Forty-eight-year-old Samer Hijazi, who’s been working in Cyprus for the past 10 years, agrees – though he’s unconvinced that the situation is as dire as has been claimed. “I can send you a video of Louis Vuitton,” he says, referring to the famously chic boutique in Beirut: “It’s open and it’s working very well, and there’s a queue in front of it!”

The trouble seems to be that Lebanon is a very unequal society. A large proportion were desperately poor even before the crisis, and are now even poorer. A rotten system – which included keeping the dollar exchange rate artificially low – has now collapsed. “This is the new reality,” agrees Hijazi. “But not famine.”

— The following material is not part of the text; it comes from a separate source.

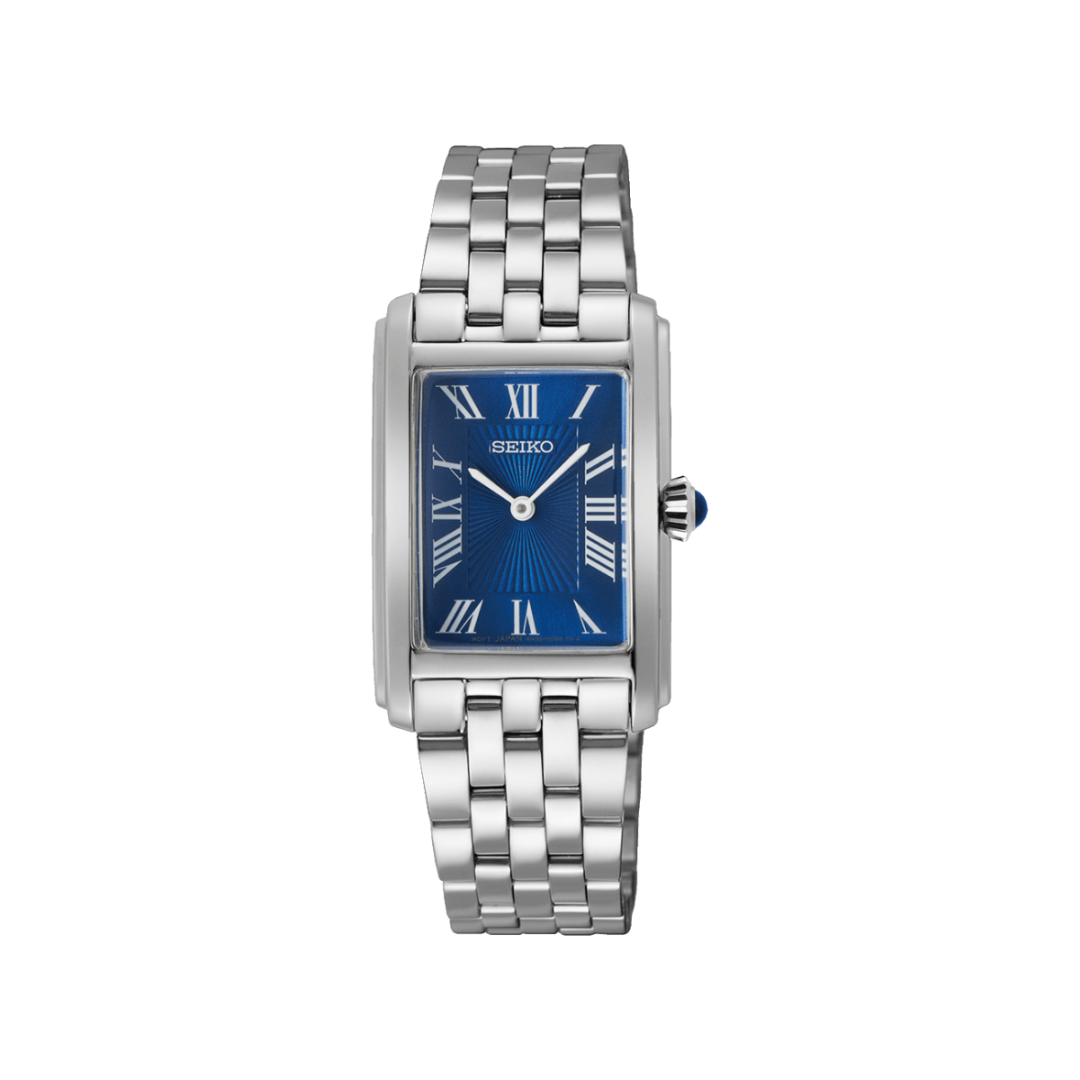 Idéale pour compléter vos tenues habillés la montre SWR085P1 se distingue par l'élégance de son boîtier et son cadran soleillé et satiné bleu. Cette montre en acier inoxydable est composée de chiffres romain et d'un joli cabochon bleu. Élégante et robuste, la montre a une étanchéité de 5 bar et est équipée d'un verre Hardlex bombé.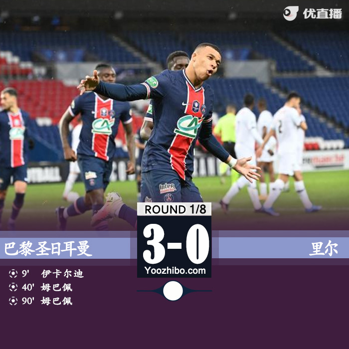 jrs直播网3月18日讯 北京时间3月18日00:45,法国杯1/8决赛,巴黎圣日耳曼主场对阵里尔。上半场比赛,伊卡尔迪推射破门,随后受伤被换下场,姆巴佩造点并亲自主罚命中。下半场比赛,库尔扎瓦手球送点,亚兹奇点球被纳瓦斯扑出,姆巴佩单刀挑射破门。最终全场比赛结束,巴黎圣日耳曼主场3-0战胜里尔,成功晋级法国杯八强。

Then again, Lebanon is “not like a normal country,” adds Hijazi – who, as a middle-aged man from south Lebanon, spent almost his entire childhood and youth surviving one conflict after another. “Those people survived lots of wars, they lived without water, without electricity. They find ways… We survive. Some people didn’t, but we got used to it. We don’t panic.”

Hopefully, that resilience will see them through this new crisis – though of course there are also larger forces at play, from the pandemic to the power struggle between Iran and Saudi Arabia whose ripples have engulfed the whole Middle East from Beirut to Aden. Even Hijazi, whose outlook is generally positive, turns sombre when he thinks about his homeland.

“Now we feel like we are the people on the raft,” he says, speaking of himself and his fellow Lebanese in Cyprus. “Like there’s a shipwreck, and you are the one on the raft,” floating nearby and watching the ship go down. “This is our feeling.”